Addition of survival signature to the nomogram increases its predictive accuracy

We then incorporated the new signature developed for MI tumors (Table 4) into the International Bladder Cancer Nomogram Consortium (IBCNC) nomogram (28), which was designed to predict 5-year recurrence-free survival after RC. Necessary data points for the nomogram were not available in the external datasets. When tested in our MI patient cohort, a multivariate Cox model predicting recurrence-free survival with both nomogram and gene signature score (C-statistic: 0.66, 95% CI 0.56 – 0.76) was a significant improvement (ΔC-statistic: 0.08, 95% CI −0.04–0.20, p-value < 0.005, likelihood-ratio test) over a model based on the nomogram score alone (C-statistic: 0.58, 95% CI 0.43–0.72). As the signature was designed for overall survival due to the lack of recurrence dates in the independent data, the prediction accuracies increased profoundly in a model predicting overall survival (ΔC-statistic: 0.15, 95% CI 0.07–0.23, Table S10).

DISCUSSION

This study demonstrates the utility of adding molecular information to an existing prognostic tool in bladder cancer patients who undergo RC. Gene expression data from a new cohort of bladder cancer patients was analyzed and compared to gene expression data from multiple published studies. A robust expression signature was identified that improved the predictive outcome of a well-accepted nomogram, and was independently predictive of survival in all cohorts where survival data was available. These findings are particularly striking given the relative homogeneity of the population analyzed, since our cohort, having all undergone the most aggressive surgical therapy, is highly selected for being at high risk of death from disease.
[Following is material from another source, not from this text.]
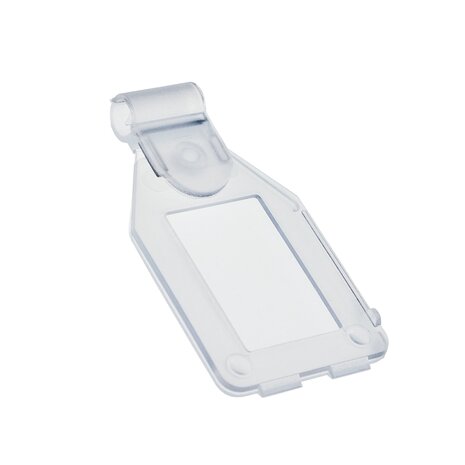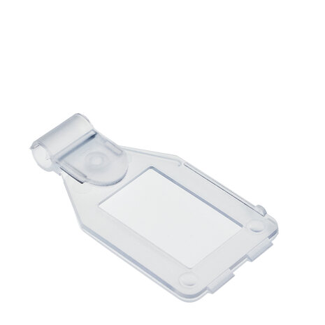 Prijslabel Met deze scanvaantjes bevestigt u eenvoudig prijskaartjes aan de voorzijde van onze dubbele kunststof displayhaken. Ze zijn geschikt voor kaartjes van 25 x 27 mm, die u eenvoudig in de scanvaantjes steekt. Type: Small-4 Deze labels passen uitsluitend op onze kunststof displayhaken. Deze haken hebben aan de voorzijde een speciale versmalling van 4mm voor het bevestigen van deze Small-4 scanvaantjes. Voor metalen displayhaken adviseren wij onze Wide-6 scanvaantjes. Deze zijn universeler en geschikt voor displayhaken met een maximale dikte van 6 mm. Specificaties Materiaal: Kunststof Kleur: Transparant

One important contribution of this study is the clinical validation of published gene signatures. To be clinically relevant, new survival markers must (i) stratify patients in groups with significantly different survival; (ii) deliver survival information that is not already included in established clinically used predictors such as grade and stage; and (iii) increase the accuracies of existing prediction models to an extent that warrants the cost and effort of obtaining biomarker status (31). Previously published gene signatures (Table S2), however, performed poorly in our patient cohort: no gene signature provided more survival information than would be expected by chance. This finding can partly be explained by cross-platform issues like incomplete mapping of genes to available probe sets or probe sets targeting different exons. Another reason is a likely overfitting of published signatures due to rather small training datasets for the very heterogeneous group of MI bladder cancers. To circumvent these limitations, we optimized the survival signatures for the subgroup of MI tumors, and showed that gene expression clearly stratifies patients into 2 groups, denoted as low-risk and high-risk. The new signature further segregated by risk 305 patients with MI tumors in the external datasets containing gene expression and survival information. Interestingly, 4 genes in our MI survival signature, APOBEC3B, DGCR2, PRMT1, SLC1A5, are located on chromosomes 22 and 19, in neighboring chromosome bands of SNPs recently described as associated with an increased risk of developing bladder cancer (32). In addition to our signature, several other genes (Table S2) significantly correlated with survival in multiple independent cohorts. These genes identified are potential therapeutic targets and worthy of further investigation to understand their role in bladder cancer. For example, inhibitors of MAP2K1 (i.e. MEK1), which is part of our overall survival signature (Table 4), are currently being evaluated in several clinical trials and our results provide a rationale for this in bladder cancer. Our screen for potential biomarkers in multiple datasets thus also has important applications in gene selection for technologies such as NanoString®, which can target only a limited number of genes.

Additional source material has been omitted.